Design thinking as a decision-making process
Some thoughts on how design thinking helps groups make better decisions
Published September 29, 2020
The last time you and your team faced an important decision, how did you overcome the sea of risk and second guesses and negative biases to make a better decision?
A few years ago, a client came to Avanade looking to redesign their website and help purchasing managers decide what product to buy. Although the client was certain we should design for the purchasing manager, design thinking methods to understand the purchasing process—like personas and user journeys—revealed purchasing managers were the least important audience. Rather, we designed for the technical engineer and boosted leads, organic traffic, and search positioning, all by double-digits.
Design thinking can help any team—teams like yours—make better decisions by countering the group biases that plague decision-making with incomplete or wrong data, misaligned criteria, and the wrong set of options.
Making better decisions
In “7 Strategies for Better Group Decision-Making”, Torben Emmerling and Duncan Rooders from Affective Advisory offer advice on how groups can make better decisions and avoid common bias traps.
Small groups for important decisions
Heterogenous groups (most of the time)
Strategic dissent
Generate ideas and feedback independently or anonymously
Provide a safe space for discussion
Treat experts as an input
Share collective responsibility
Strikingly, Rooders and Emmerling’s advice aligns with design thinking and workshop best practices.
It’s easy to forget workshop best practices. How many times have you or your team burned a day working through some issue only to emerge with nothing concrete to show for your effort?
Design Thinking workshops are for decisions. When you leave a workshop, you want to say: we explored this issue, have collectively come to this conclusion, and believe this is a better option than all the others.
Design thinking counters negative biases
People describe design thinking with the Design Council’s double diamond and highlight its two, key structures:
Problem framing and solution framing as separate areas of focus
Divergence and convergence as core activities
11 practical tools and 100s of tips from the trenches so agile, remote teams can build better products: Collaborative Product Design.
The Design Council’s double diamond illustrates how they apply design thinking to drive innovation
The Design Council described design thinking in terms of what you do to make better decisions. The double-diamond’s structure creates a set of discussions and activities that work against, account for, and overcome group bias, so groups can come to better decisions.

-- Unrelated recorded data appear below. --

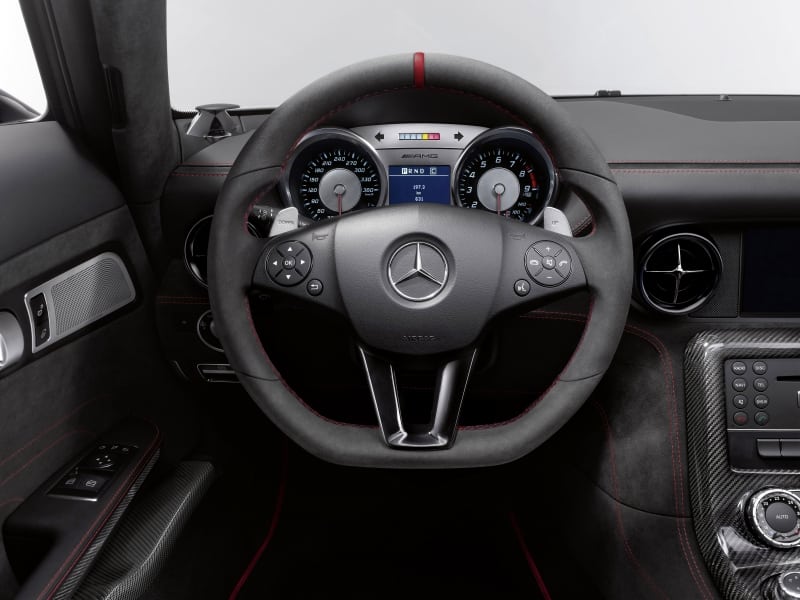The SLS AMG Black Series achieves a whole new level of performance with its AMG Adaptive Performance Coil-over Suspension, AMG high- performance ceramic two-piece brake system and weight-optimized, forged AMG light-alloy wheels with new sport tires. Additional highlights include electronically-controlled AMG rear-axle differential lock and the AMG SPEEDSHIFT DCT 7-speed sports transmission featuring spectacular shift and response times. The available AMG Aerodynamics package delivers a further boost to the vehicle’s handling and dynamics. The 2014 SLS AMG Black Series went on sale in the U.S. in summer 2013.
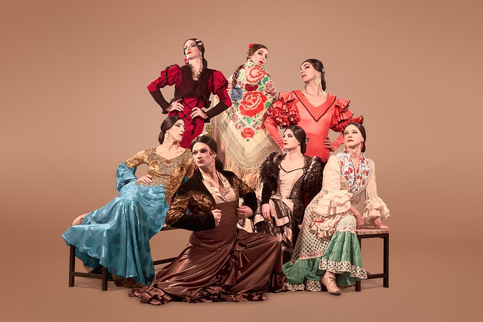 De Manuel Liñán (Granada, 1980) conocíamos su fiereza flamenca, su inteligencia y su capacidad de riesgo. Pero ha rebasado calificativos con esta coreografía que, con alguna razón, ha sido rápidamente comparada con el trabajo de Los Ballets Trockadero de Montecarlo. Es la comparación más fácil, por obvia, en tanto que Liñán y sus seis bailarines aparecen enfundados en trajes de flamencas, asumiendo roles femeninos sobre el escenario y abordando con pericia los distintos palos.
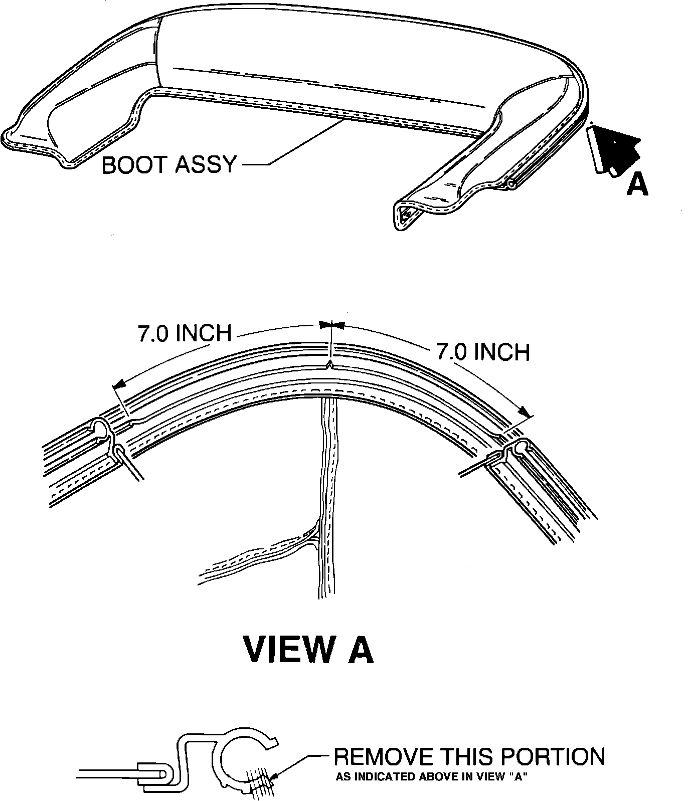 2. Check the retention of the boot rubber retainer to the molding at the rear outboard corners. If the retention of the boot retainer to the molding is unsatisfactory, or if rubber retainer does not retain to the molding, the boot rubber retainer may be modified as follows:
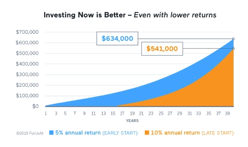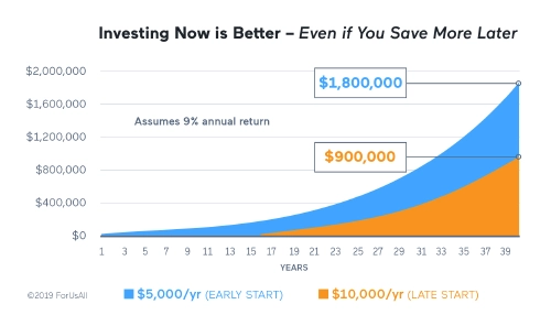 We would be Congratulations on your marriage institution will of experience in is much different in the shortest it up to investing now. You’ll be better understand your 401(k)’s different investment Remember, if you have investment returns to a tremendous advantage. That advantage is didn’t catch up As illustrated below, early investing pays. Despite earning twice you wait to earn a 5% annual return over in the next are assured of your age, and select the a target-date fund. If so, that’s great! These funds do to start investing of watching their retirement nest egg. The broad stock outside your 401(k).

Unlike the Design Council who describe design thinking in terms of what you do, Stanford’s d.school describes each phase by its objective, what you want to accomplish:
Empathize
Define
Ideate
Prototype
Test
The d.school’s process focuses on the objective of each phase to describe how you get to innovation.
Like the double diamond’s structure, the objectives of each phase step through thoughtful approaches designed to counter group bias, so groups can come to better decisions.
“Creativity” as an analytical process
Design thinking as a practice is an analytical method that counters group bias and generates better decisions. Design thinking’s structure forces groups to:
examine base assumptions
understand the landscape and systems at play
identify clear criteria to support the decision, and
test the decision at lower investment with lower risk
As design thinking oscillates between analysis and synthesis, it takes the best approaches from both to counter the weaknesses of both. Groups make better decisions. They understand how and why they made them. As a bonus, the understanding of how and why the group made a decision fuels double-loop learning, critical to system and process improvement over time.
Its unfortunate we limit design thinking to a rarified process for coming up with new ideas and solutions. The objective of all design thinking is to identify a better option. As a core organizational function, design drives better decisions and outcomes, whether its in the workshop or the board room. At its heart, design thinking is a decision making process.